**What needs to be done**.
Transcribe the listing that follows in full, omitting pictures.

**Recorded data**.

------------

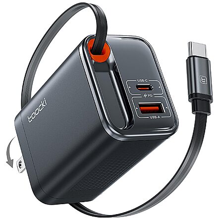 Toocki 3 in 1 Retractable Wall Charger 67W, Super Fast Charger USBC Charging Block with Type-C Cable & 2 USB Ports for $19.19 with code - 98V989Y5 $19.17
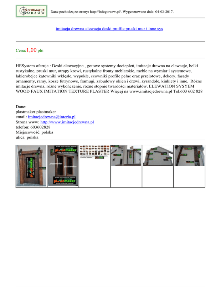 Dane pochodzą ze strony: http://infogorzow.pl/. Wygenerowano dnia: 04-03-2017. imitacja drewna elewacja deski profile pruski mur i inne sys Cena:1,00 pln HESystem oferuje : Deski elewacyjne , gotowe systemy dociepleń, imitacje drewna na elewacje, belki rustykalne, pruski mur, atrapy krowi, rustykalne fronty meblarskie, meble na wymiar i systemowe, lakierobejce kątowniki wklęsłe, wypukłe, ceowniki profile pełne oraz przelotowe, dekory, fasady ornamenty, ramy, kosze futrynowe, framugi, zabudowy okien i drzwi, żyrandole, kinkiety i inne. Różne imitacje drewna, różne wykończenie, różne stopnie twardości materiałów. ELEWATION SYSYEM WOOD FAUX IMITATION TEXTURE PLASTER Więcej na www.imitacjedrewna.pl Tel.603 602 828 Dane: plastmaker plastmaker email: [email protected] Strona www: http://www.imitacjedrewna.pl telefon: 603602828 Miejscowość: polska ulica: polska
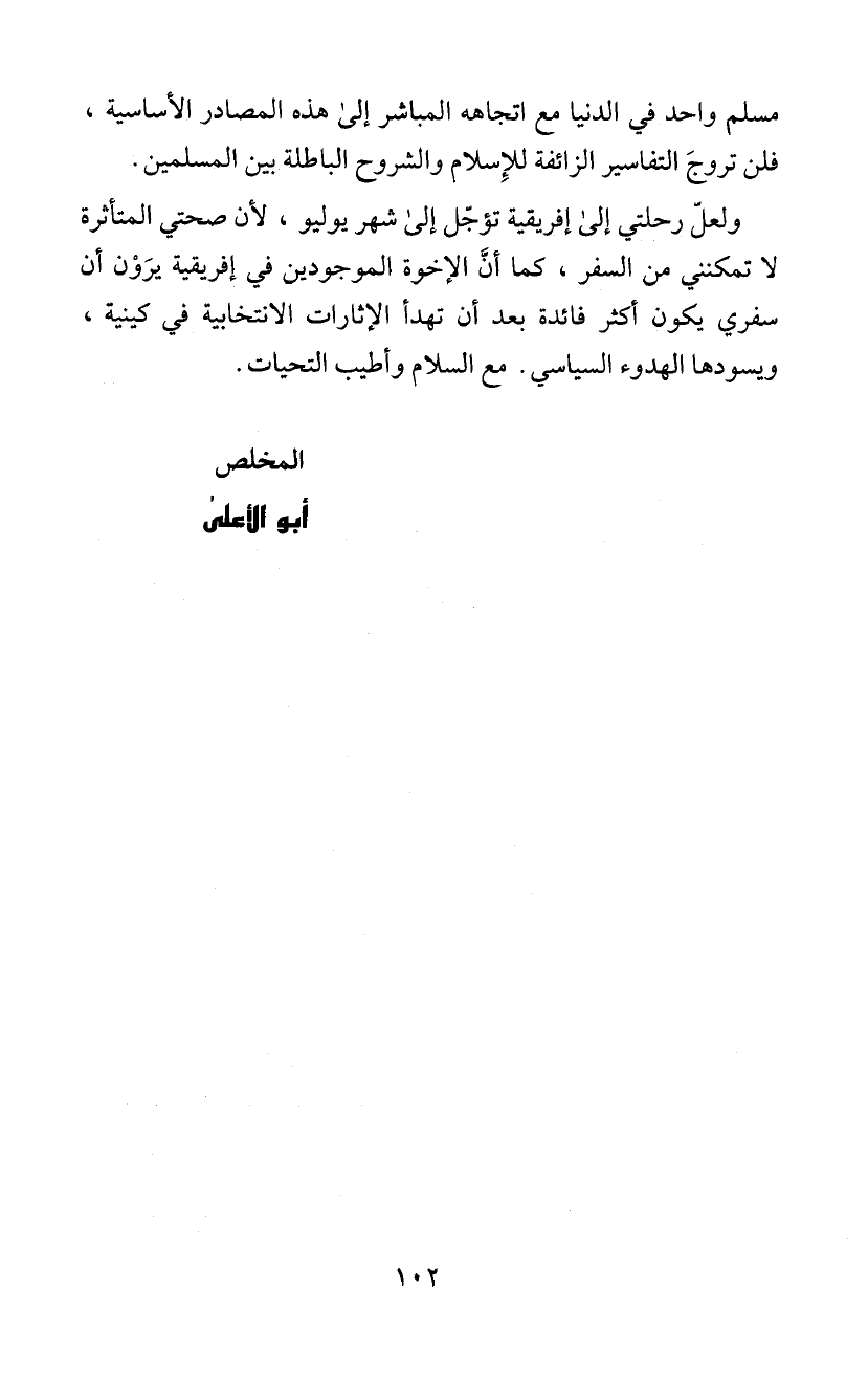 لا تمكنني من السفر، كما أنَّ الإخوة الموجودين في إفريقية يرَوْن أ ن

------------

**Problem solution**.
 Toocki 3 in 1 Retractable Wall Charger 67W, Super Fast Charger USBC Charging Block with Type-C Cable & 2 USB Ports for $19.19 with code - 98V989Y5 $19.17
 Dane pochodzą ze strony: http://infogorzow.pl/. Wygenerowano dnia: 04-03-2017. imitacja drewna elewacja deski profile pruski mur i inne sys Cena:1,00 pln HESystem oferuje : Deski elewacyjne , gotowe systemy dociepleń, imitacje drewna na elewacje, belki rustykalne, pruski mur, atrapy krowi, rustykalne fronty meblarskie, meble na wymiar i systemowe, lakierobejce kątowniki wklęsłe, wypukłe, ceowniki profile pełne oraz przelotowe, dekory, fasady ornamenty, ramy, kosze futrynowe, framugi, zabudowy okien i drzwi, żyrandole, kinkiety i inne. Różne imitacje drewna, różne wykończenie, różne stopnie twardości materiałów. ELEWATION SYSYEM WOOD FAUX IMITATION TEXTURE PLASTER Więcej na www.imitacjedrewna.pl Tel.603 602 828 Dane: plastmaker plastmaker email: [email protected] Strona www: http://www.imitacjedrewna.pl telefon: 603602828 Miejscowość: polska ulica: polska
 لا تمكنني من السفر، كما أنَّ الإخوة الموجودين في إفريقية يرَوْن أ ن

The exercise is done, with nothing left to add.